Ba3, “yatırım yapılamaz” seviyesini açıklarken, B1’in karşılığı “yüksek derecede spekülatif”. 

Ödemeler dengesi krizi, iflas riski, Merkez Bankası’nın döviz rezervlerindeki düşüş, Banka’nın bağımsızlığı ve şeffaflığı, not kararında etkili olmuştu. 

Açıklamada kamu borçlarının düşük olduğunun altı çizilerek “Kurumsal yapıdaki sağlamlık kaybolmaya devam ediyor ve yatırımcı güvenini artıracak etkili politikalar uygulamaya konulmuyor” denmişti. 

Fitch.jpg
1913 yılında şirketlerin performanslarını yayımlayan bir şirket olarak kurulan Fitch de 1924'de şu anda kullanılan 3 harfli derecelendirme çizelgesini piyasaya sundu/ Fotoğraf: Reuters


Fitch Ratings, temmuz ayında Merkez Bankası’nın o dönemki başkanı Murat Çetinkaya'nın görevden alınmasının ardından Türkiye'nin notunu düşürmüş ve kredi notu BB'den BB-'ye çekmişti. 

1 Kasım’da yapılan açıklamada ise  Türkiye'nin ekonomide dengeleme ve istikrar sağlanması yönünde ilerleme kaydettiği, ekonomide zayıflama riskinin azaldığı ifade edilerek not görünümü "negatif”ten "durağan”a yükseltilmişti. 

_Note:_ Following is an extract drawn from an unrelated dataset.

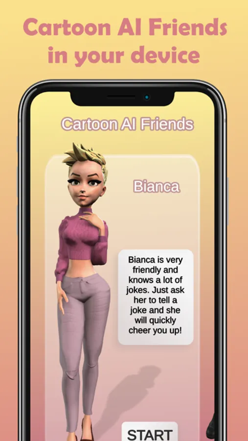 Cartoon AI Friends is companion who cares. Cartoon AI Friends are ai friends powered by artificial intelligence. Cartoon AI Friends - chatbot always on-hand to have a quick chat whenever and wherever you need day or night, chatbot can help you to feel better. Have a friendly AI in your pocket work with you to improve your mood.
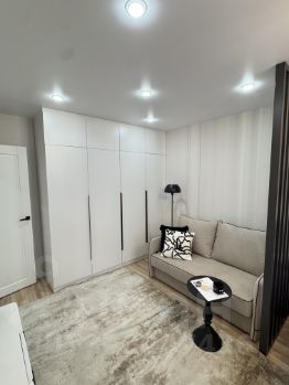 - Зона гостиной изолирована при помощи декоративной перегородки, с раскладывающимся диваном, рабочим местом и ТВ зоной, удобно для проживания и приема гостей

Ancak “yatırım yapılamaz” anlamına gelen "BB-” notu değişmemişti. 

S&P’den ağustosta yapılan açıklamada ise Türkiye’nin 2019 sonu büyümesi, yüzde 0,5 daralma olarak öngörülmüştü. Kredi notu, 'B+', görünüm 'Durağan' olarak teyit edilmişti.